Beilein rolls with the punches and the results speak for themselves. When Moritz Wagner hit a turnaround 3-point circus shot off an inbounds pass to extend Michigan’s lead to 14, it didn’t come from the playbook.
The playcall, according to Livers, was ‘Hawaii’ — which, presumably, doesn’t call for Wagner to become the 6-foot-11 version of Steph Curry. Between Beilein’s laryngitis and the raucous crowd, the Wolverines couldn’t hear it, so they improvised.
“I’m trying to scream what we’re gonna run,” Beilein said.“(Simpson) runs — I don’t know what he did. I don’t know what X did. But all the sudden, the ball’s in.”
Michigan pulled off two straight upsets because Beilein adjusted and opposing coaches didn’t. Tom Izzo barely played Jaren Jackson Jr. at the ‘5’, instead going with traditional bigs who had no chance defending Wagner on pick-and-pops. Matt Painter played Isaac Haas for just 23 minutes despite the Alabamian wiping the floor with Michigan in both prior matchups (and, for that matter, going 9-of-12 from the field on Sunday).
Beilein adjusts his coaching style to his players and his gameplans to opponents. Back in West Lafayette, he wanted to stop Purdue from shooting triples at the expense of letting Haas play 1-on-1. The Boilermakers shot 55 percent from 3 and Haas still scored 24 points in 20 minutes.
On Sunday, Haas got his again. The difference: Purdue made just four three-pointers, tied for their lowest mark all season.
“Our word today was relentless,” said Muhammad-Ali Abdur-Rahkman. “Haas is gonna get points in the middle and things like that are gonna happen. But, we just wanted to limit all the easy shots, mental breakdowns that we had in the first two games.”
Abdur-Rahkman, another player whose game has taken a leap in the past month, did just that. He teamed up with Simpson to hold Carsen Edwards and PJ Thompson to 5-of-20 shooting for the night. For good measure, Abdur-Rahkman tossed in 15 points on 4-of-8 shooting along with four assists and was named to the All-Tournament team.
After the second Purdue loss, Beilein compared Abdur-Rahkman— who had just torched the Boilermakers in a breakout performance — to Derrick Walton. The comparison stuck, as Beilein tossed it out again after Abdur-Rahkman scored 28 at Maryland last Saturday, and nobody can question its validity.
“I finally figured out, I don’t need to talk with Muhammad,” Beilein said.“Muhammad’s got it. But I was like, ‘Come on Muhammad, you gotta give us more.’ As far as energy, visible energy, he was giving us every bit of energy once we got on that court.
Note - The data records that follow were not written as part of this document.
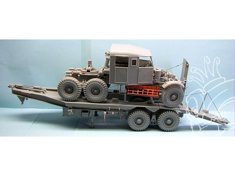 Le Scammell Pioneer était un tracteur britannique 6x4 utilisé pendant la Seconde Guerre mondiale comme tracteur d'artillerie, véhicule de récupération et transporteur de chars. Les pionniers achetés par l'armée britannique étaient équipés d'un moteur diesel Gardner 6 cylindres de 102 ch. La production du transporteur de char a commencé en 1937, bien que le prototype fût déjà construit en 1932. La variante de production était équipée d'un châssis plus long et d'une cabine allongée pour accueillir l'équipage comme passagers et des roues arrière plus grandes que le tracteur d'artillerie . Une remorque Pioneer TRCU20 de 20 tonnes et des tracteurs et remorques Pioneer TRMU30 / TRCU30 de 30 tonnes ont été livrés dans les deux cas avec la remorque fixée au tracteur. Des rampes articulées ont été utilisées pour mettre le char sur la remorque, qui pourrait être tirée avec le treuil du tracteur. Les ensembles tracteur / remorque Pioneer sont restés en production pendant toute la guerre, 459 unités produites au total. En plus de nombreux pneus communs à l'époque, ils utilisaient aussi souvent des pneus fabriqués en Ecosse que nous reproduisions dans le kit avec une très légère modification de l'angle de démoulage.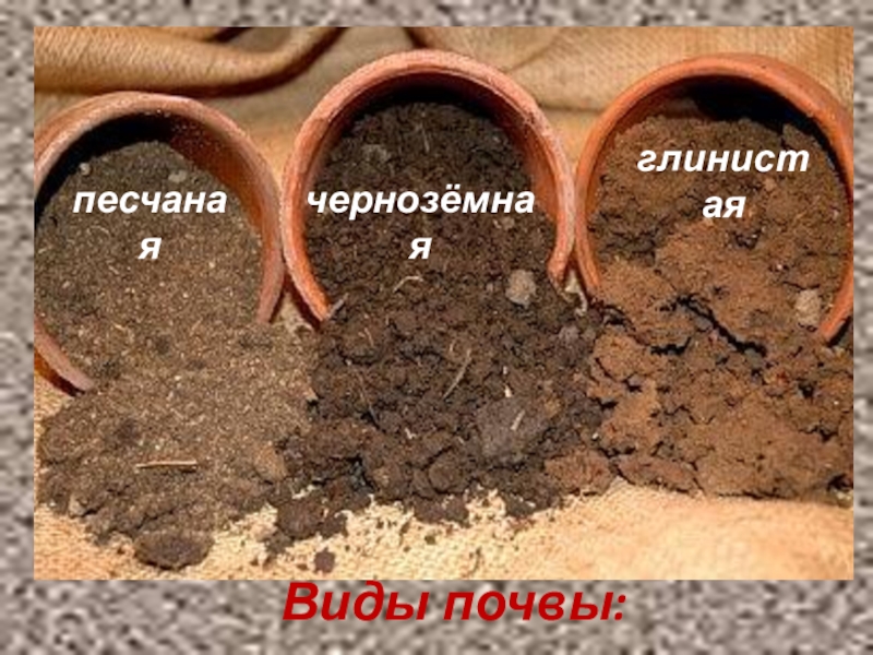 песчанаячернозёмнаяглинистаяВиды почвы: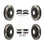 - INCLUDES: 2x Front Coated Drilled Slotted DS-One Disc Brake Rotor (Both Side) + 1x Front Ceramic CMX Brake Pad Set (Hardware Included) + 2x Rear Coated Drilled Slotted DS-One Disc Brake Rotor (Both Side) + 1x Rear Ceramic CMX Brake Pad Set (Hardware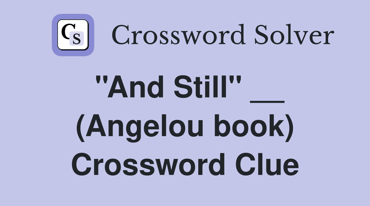 #39 #39 And Still #39 #39 (Angelou book) Crossword Clue Answers Crossword Solver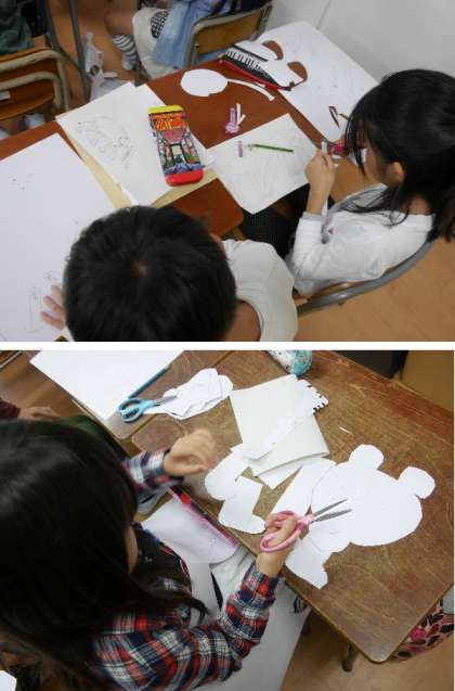3年生が画用紙を切って重ねてはりつけ、紙はんがをつくっています。細かな部分にこだわって、考えて作っています。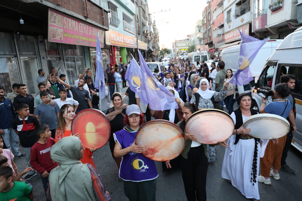 Hulya Alokmen bi lêv kir ku meşa 50 sal berê dest pê kir gihişt milyonan û wiha domand: “Niha jin û ciwan dimeşin. Rêberê gelê Kurd birêz Abdullah Ocalan di 27 sibatê de rêya aştîwekhevî û demokrasiyê danî pêşiya me. Em jin heta ku aştiyeke bi rûmet pêk were em ê meşaxwe bidomînin. Heta ku birêz Ocalan azad nebe jin azad nabin. Em bajar bi bajar diçin. Daxwaza me ya sereke azadiya birêz Ocalan e. Rêya me ya aştiyê vekirî be.”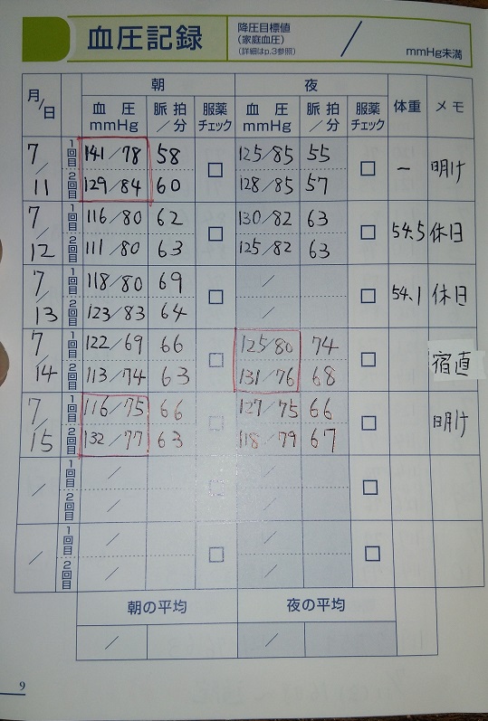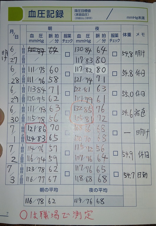 しかし記録を見ていただくと分かるかと思うのですが、勤務中に測った血圧が高いのです。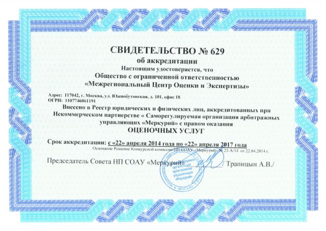Наша компания по дополнительной договоренности может пройти аккредитацию в любом СРО РФ для выполнения работ по заданию арбитражного управляющего, состоящего в этом СРО. МЦОЭ соответствует всем требованиям СРО арбитражных управляющих и процедура аккредитации, как правило, занимает 3-5 дней.

But I just let him be silent. Last two days, we were in that locker room, he didn’t say a word. He was preparing and then he lets his game speak for itself.”
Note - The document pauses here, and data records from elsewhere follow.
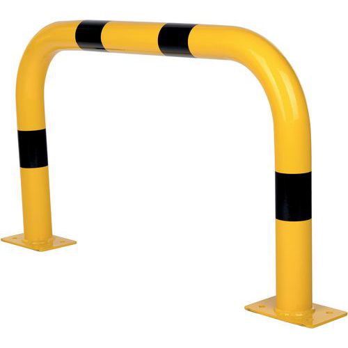 Arco de protección de acero resistente para proteger equipos o máquinas de posibles golpes de equipos de manipulación de materiales. Buena visibilidad gracias a su diseño bicolor amarillo/negro. Adecuado únicamente en interiores. Material de fijación no incluido. Certificado TÜV. Material de fijación no incluido.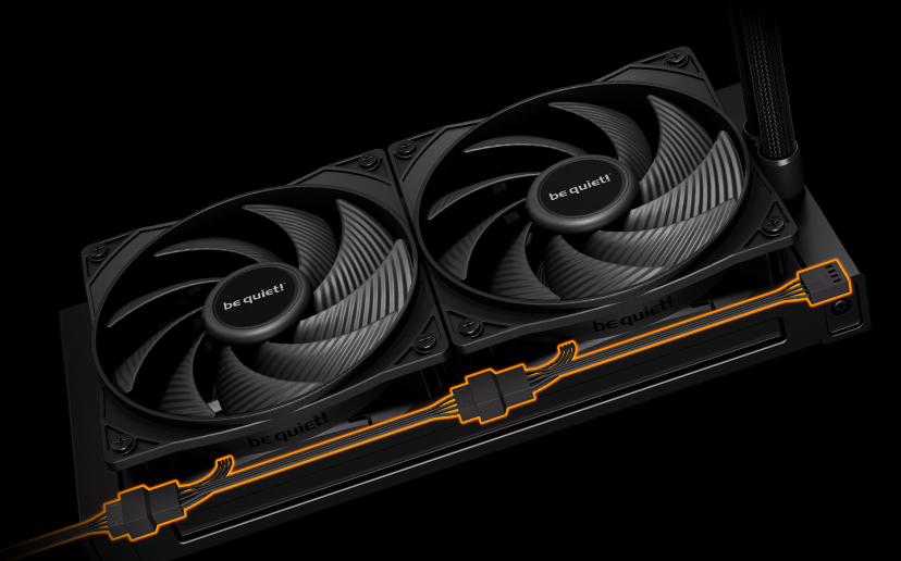 2 Pure Wings 3 120mm PWM high-speed fans provide high air pressure to efficiently cool the liquid of the Pure Loop 3 240mm radiator. The fans also come with a “closed loop motor” function. This feature always keeps a steady fan speed, no matter the resistance – ideal for radiators. Despite their performance, Pure Wings 3 offer very quiet operation. Even at maximum speed, the fans operate at only 35,2dB(A).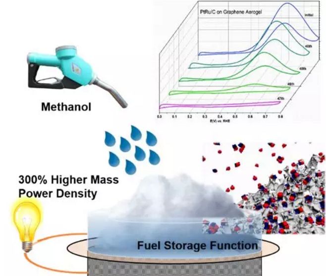 中國粉體網訊 此項工作利用石墨烯氣凝膠良好的導電性能,優異的機械性能,高催化劑負載性能和超輕的質量,用石墨烯氣凝膠替代傳統燃料電池中的兩個重要組建---電極板和氣體擴散層,大大降低燃料電池重量的同時將燃料電池的質量功率密度提升了3倍。石墨烯氣凝膠具有特殊的選擇吸附性,即使將12M的甲醇存儲在氣凝膠中,甲醇也幾乎不會穿過質子交換膜。此外,石墨烯氣凝膠還起到了燃料存儲的作用,使得該燃料電池在無需持續輸送甲醇的情況下維持運行,從而省去了外接甲醇存儲裝置和復雜的燃料循環系統,并降低了制作成本。這項工作對燃料電池的進一步發展起到了重要的推動作用。

On Sunday, Abdur-Rahkman wasn’t the only one doing that.
He was joined by Jon Teske — who played 21 minutes as a defensive anchor, scored 14 points on 6-of-9 shooting, then sealed the game with a two-handed dunk that doubled as a finishing move on Haas as chants of his name rang down from the same rafters that house Willis Reed and Patrick Ewing’s numbers.
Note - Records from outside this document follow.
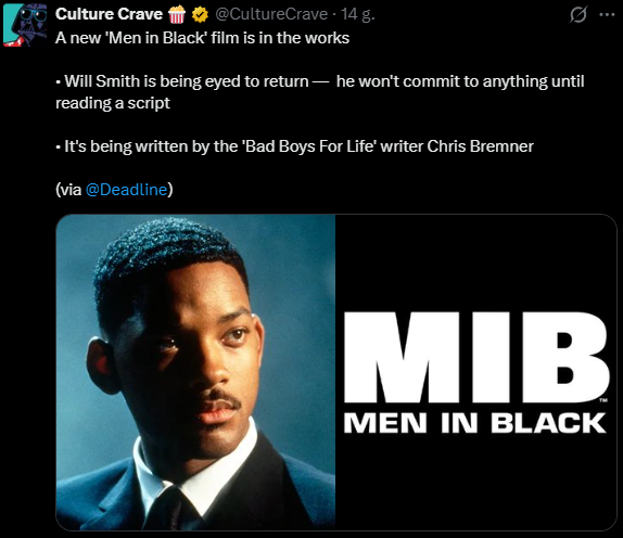 Według Deadline po udanym wznowieniu serii BAD BOYS firma Sony Pictures najwyraźniej jest gotowa odświeżyć swój czarny garnitur i okulary przeciwsłoneczne, ponieważ obecnie trwają prace nad nowym filmem MAN IN BLACK.
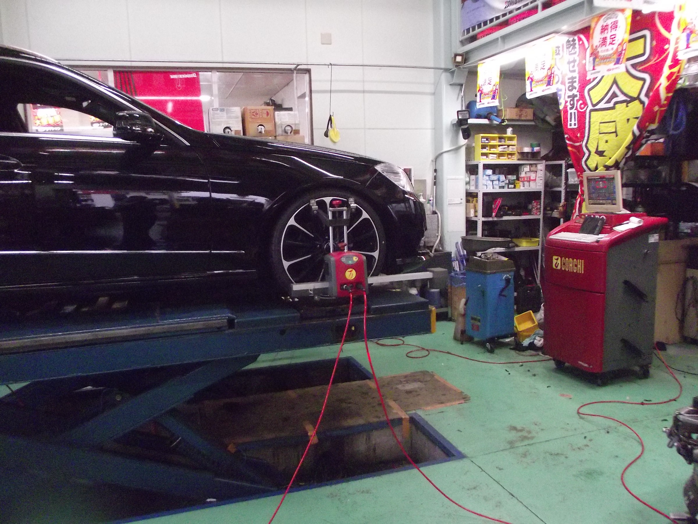 なんてベンツか、知らんけど20インチタイヤ交換&アライメントこれが、面倒な作業です。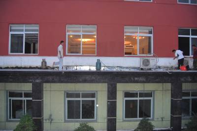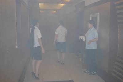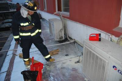 图文:防水工违章操作酿生空调火灾12日19时35分,郧西县城郧西宾馆三楼一包厢内冒出浓烟,情况不明。该县消防大队接到报警后,立即出动2台消防车10名战斗员赶赴现场。官兵们立即组织宾馆保安利用干粉灭火器一起进行扑救,火势很快就被扑灭,为了防止复燃,消防官兵对现场进行了彻底的检查,对包间进行自然通风排烟处理,在确定无任何火灾隐患后,方撤离现场。据了解,该起火灾是因为防水工人们利用液化气火焰对沥青防水卷材进行烘烤,由于温度过高引燃空调排气管所致。(本报视界网徐雁初张振摄)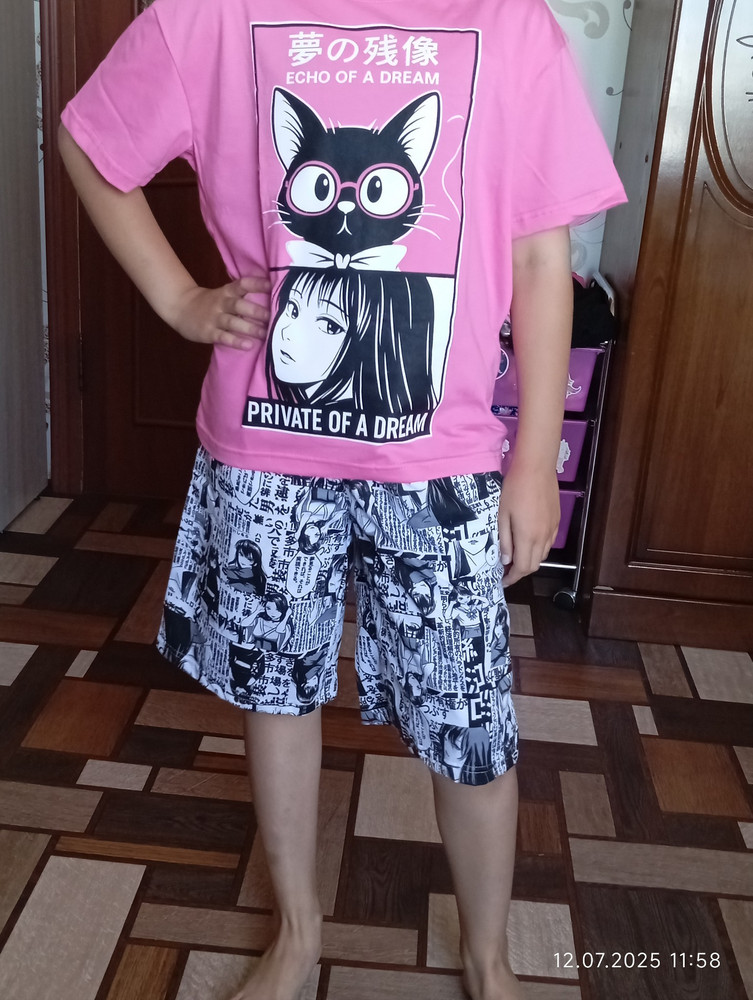Свободный крой футболки создаёт ощущение лёгкости и не стесняет движений, а стильный дизайн и современный силуэт позволяют использовать костюм как для дома, так и для прогулок, поездок или пляжа. Модель легко сочетается с другой одеждой, а её универсальный фасон и качество пошива делают комплект долговечным и практичным.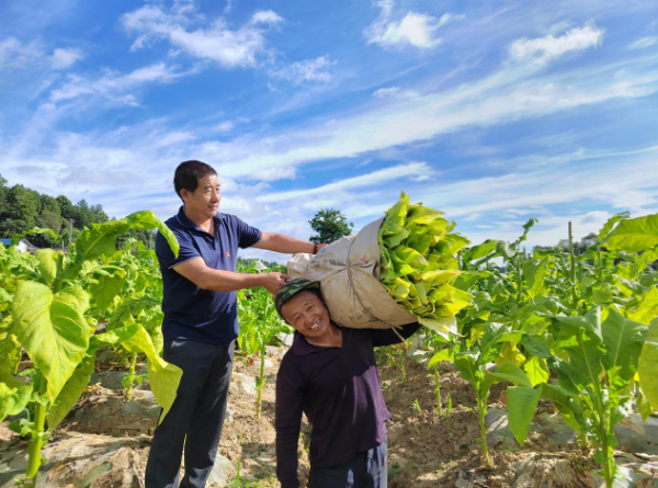 (图为志愿者帮助采摘人员扛上鲜烟叶捆子)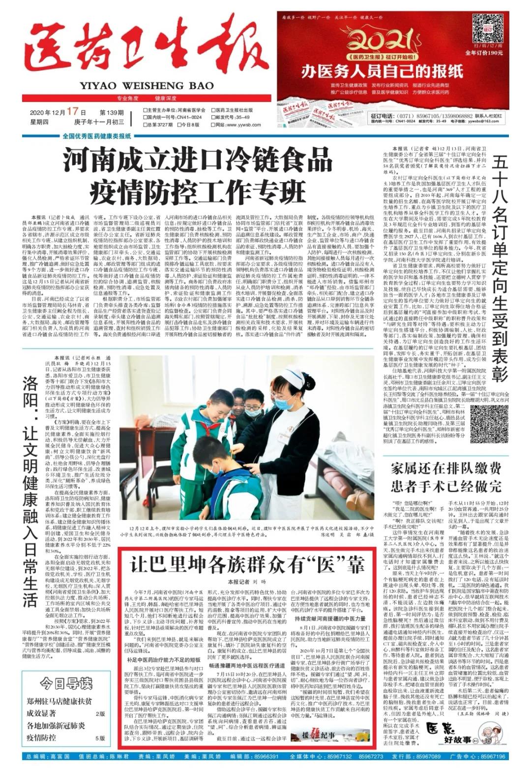 编者按:2020年12月17日,医药卫生报对leyu·乐鱼(中国)体育官方网站二附院马运锋、王光昀、韩磊3位医疗专家奔赴哈密市巴里坤县人民医院开展对口医疗帮扶工作进行报道。现将全文刊发如下:

He was joined by Charles Matthews — who quietly put up eight points, three rebounds and three assists while acting as a defensive stalwart for the fourth day in a row. He was joined by the rest of the team — which was in a celebratory mood, yes, but one of a team that set a tough goal and accomplished it, not one that suddenly found itself in the midst of a trophy presentation after a whirlwind week that started with a plane crash and practice jerseys.
“We won,” Matthews said. “We champions. That’s all I can say.”